Some of the investment is a result of tax incentives arranged through the Detroit Economic Growth Corp., which works with the city and other agencies to "land" relocations.

The non-profit entity's recent projects and municipal incentives include:

• Gateway Marketplace: a $62-million, 197,000-sq-ft retail center anchored by a Meijer supermarket, with tax increment financing and brownfield tax credits;

• Dearborn Midwest Conveyor: a $179-million investment in a former Chrysler Corp. engine plant site that has tax abatements;

•Belleview Development: a 43-acre site formerly occupied by Uniroyal Tire and other plants will become a mixed-use waterfront project; it has a $20-million grant for hazardous-waste removal;

• Cardinal Health Facility: a redeveloped 400,000-sq-ft repackaging, distribution and warehouse complex, with brownfield tax increment financing; and

• Former Federal Reserve Building: a 121,000-sq-ft Class A office-space re-development that also features brownfield tax increment financing.

Also coming this year is the start of construction on the M1-RAIL streetcar line, a 3.3-mile, $140-million project that is the result of public-private investment, according to Dan Kinkead, director of Detroit Future City, a broad-based urban planning group.

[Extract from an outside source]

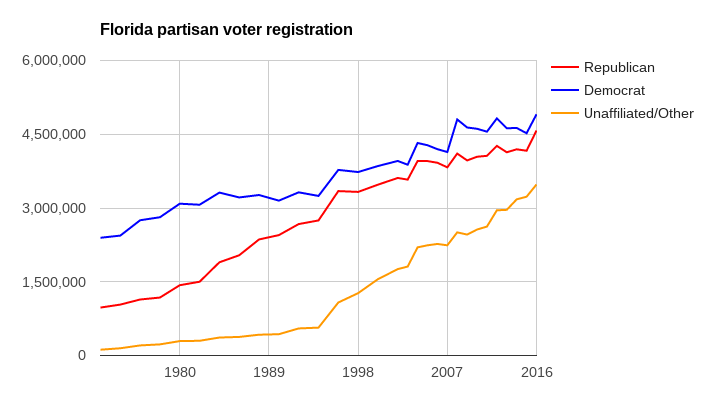 Another somewhat related note on Florida: For more than three decades leading up to 2006, Republicans in the state had been gaining ground against Democrats in the category of partisan voter registration. The Republicans’ momentum collapsed in 2008, along with the party’s fortunes, and GOP registration fell from about 93 percent to about 86 of the Democrats’ total. Only this year, using the new numbers as of December 31, have they finally regained all of the ground they had lost at the beginning of the Obama era, bringing them to within 300,000 registered voters of party parity.

The new line "provides necessary non-automotive transit for many living and working" in the downtown area, he says.

"The good news, lost amid the screaming headlines over bankruptcy, is that market momentum in Detroit's core is real and palpable and provides a strong foundation for future growth," wrote Bruce Katz and Jennifer Bradley, with the Brookings Institution's Metropolitan Policy Program, in an article last month.